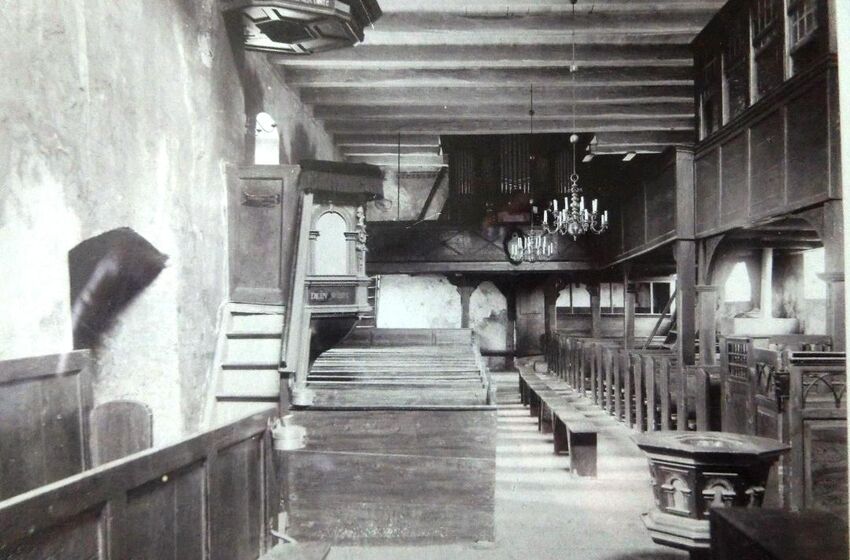 Die gezeigte Skizze aus dem Jahre 1908 zeigt das neue Kirchenschiff mit einem separaten an der Westseite gelegenen alten Turm. Im Kirchenschiff erkennen wir unsere Kirche wieder, die drei ...
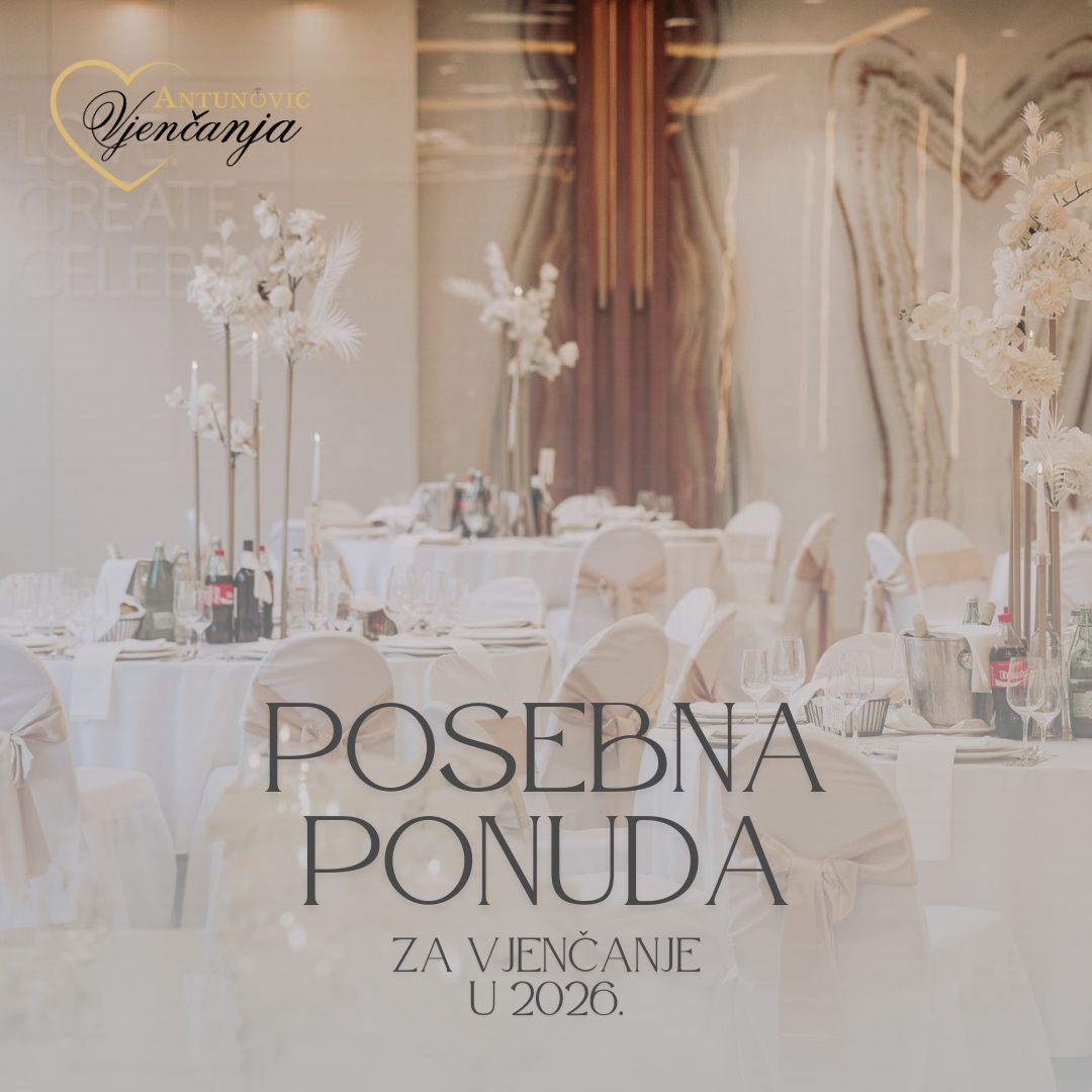 Do kraja 2025. rezervirajte termin za vjenčanje u 2026. u Hotelu Antunović Zagreb i ostvarite posebne pogodnosti i popuste!
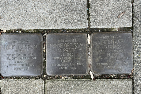 Orkener Str. 88: Louis Burrack (Strittig: In dieser Quelle wird auch der Familienname Burrak genannt) wurde im Jahr 1892 als Sohn von Abba Burrack und Selda Burrack, geb. Merber in Riga geboren. Er war unverheiratet, als Beruf wird Kaufmann angegeben. Louis wurde 1938 ausgebürgert und konnte über Frankreich nach Litauen fliehen. Dort wurde er ins Ghetto Riga deportiert und im Jahr 1942 ermordet. Er wurde 50 Jahre alt.

■ ■ ■ ■ ■

» **Exercise**:
Output the listing above exactly, excluding all pictures.

» **Solution to the exercise**:
 Die gezeigte Skizze aus dem Jahre 1908 zeigt das neue Kirchenschiff mit einem separaten an der Westseite gelegenen alten Turm. Im Kirchenschiff erkennen wir unsere Kirche wieder, die drei ...
 Do kraja 2025. rezervirajte termin za vjenčanje u 2026. u Hotelu Antunović Zagreb i ostvarite posebne pogodnosti i popuste!
 Orkener Str. 88: Louis Burrack (Strittig: In dieser Quelle wird auch der Familienname Burrak genannt) wurde im Jahr 1892 als Sohn von Abba Burrack und Selda Burrack, geb. Merber in Riga geboren. Er war unverheiratet, als Beruf wird Kaufmann angegeben. Louis wurde 1938 ausgebürgert und konnte über Frankreich nach Litauen fliehen. Dort wurde er ins Ghetto Riga deportiert und im Jahr 1942 ermordet. Er wurde 50 Jahre alt.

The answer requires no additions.